Extracted records:
════════════════════

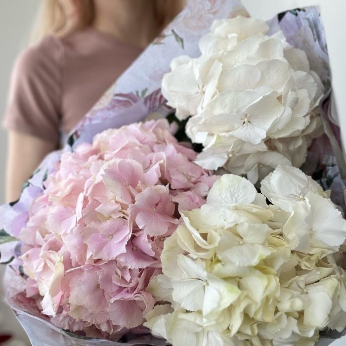 Монобукет из розовых и белых гортензий
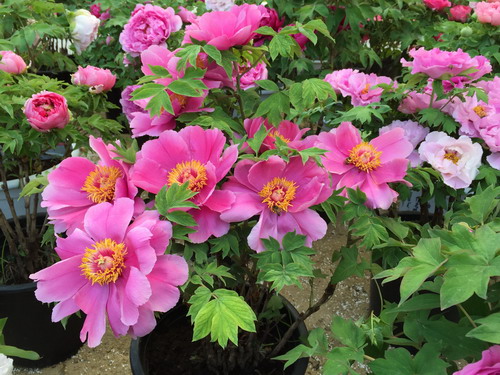 千百年来,牡丹作为友好的使者,促进了中国人民和世界人民之间的友好交往,推动经贸和文化等方面的交流。早在唐代,牡丹就被传播到日本,作为观赏植物和药用植物栽培。明朝中期,牡丹的多数品种姐妹又被引到日本,在品种改良和大力发展之上,培育出许多令人赏心悦目的好品种。根据资料记载,日本现有栽培品种约300个,其中日本自己培育的品种约占2/3。明清时期,牡丹又被传播到欧洲。直至1789年,在异域英国邱园开出了第一枝重瓣粉红色的花朵,无数的人们被牡丹折服,从而在欧洲掀起了一股牡丹热。经过园艺家们的辛勤培育,欧洲品种已经达到110个。到了1820年,牡丹被引到美国,到了20世纪20~30年代,美国的桑德斯教授培育出了花色更丰富的品种,形成了特色鲜明的美国牡丹品种群,并引领了西方牡丹育种和栽培的潮流。
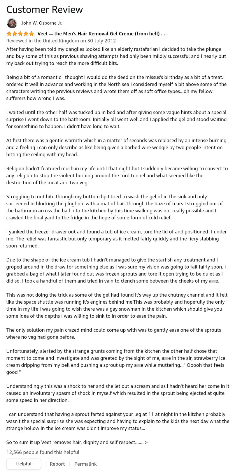 If you think this is funny, you need to read the following review about Veet for men. OMG!!! https://www.amazon.co.uk/gp/profile/amzn1.account.AFW3VVWFNEERJW5UF5Y6FQ3HPBTQ/ref=cm_cr_srp_d_gw_btm?ie=UTF8
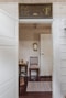 Hall som leder in till vardagsrummet samt till trappan till övre plan. Här finns plats för en förvaringsmöbel.
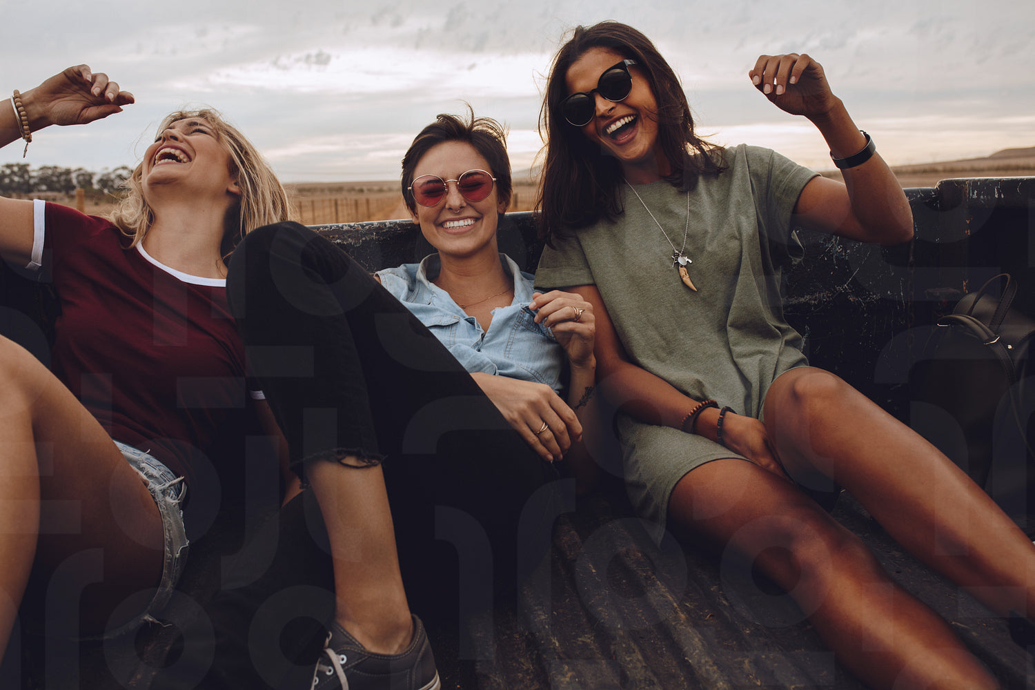 Portrait of happy young friends sitting in a pickup truck going on a road trip. Young people enjoying a country road ride.
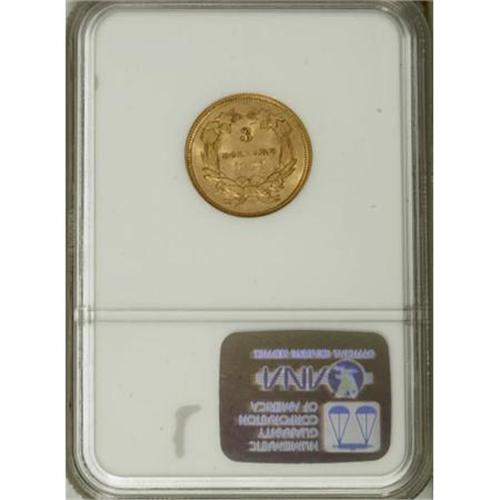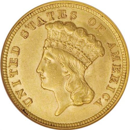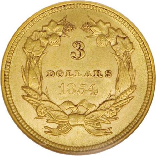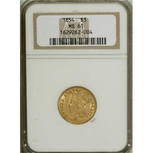 <B>1854 $3 MS61 NGC.</B></I> Although the 1854, 1874, and 1878 three dollar gold are the most widely collected for type purposes due to their relatively plentiful mintages, the 1854 is the most abundant of the three in terms of its original emission, at 138,618 business strikes plus a smattering of proofs. Today the 1854 is the second most abundant in Mint State, superseded by the 1878. The 1854 still edges out the 1878 in being one of the always-popular first-year issues of a new type, and it is technically a one-year subtype, with the Small Letters reverse. This piece displays deep, mellow orange-gold patina, with some claims to a finer grade in terms of good eye appeal and a relative absence of distracting abrasions.<BR><BR><b>Shipping:</b> Coins & Currency (<a target="_blank" href="http://www.heritageauctions.com/common/shipping.php">view shipping information</a>)

════════════════════

#### WORK REQUIRED:
For the entries above, print exactly the lines between the one with "Hall som leder" and the one with "Portrait of happy", inclusive, with no pictures.

#### ANSWER BELOW:
 Hall som leder in till vardagsrummet samt till trappan till övre plan. Här finns plats för en förvaringsmöbel.
 Portrait of happy young friends sitting in a pickup truck going on a road trip. Young people enjoying a country road ride.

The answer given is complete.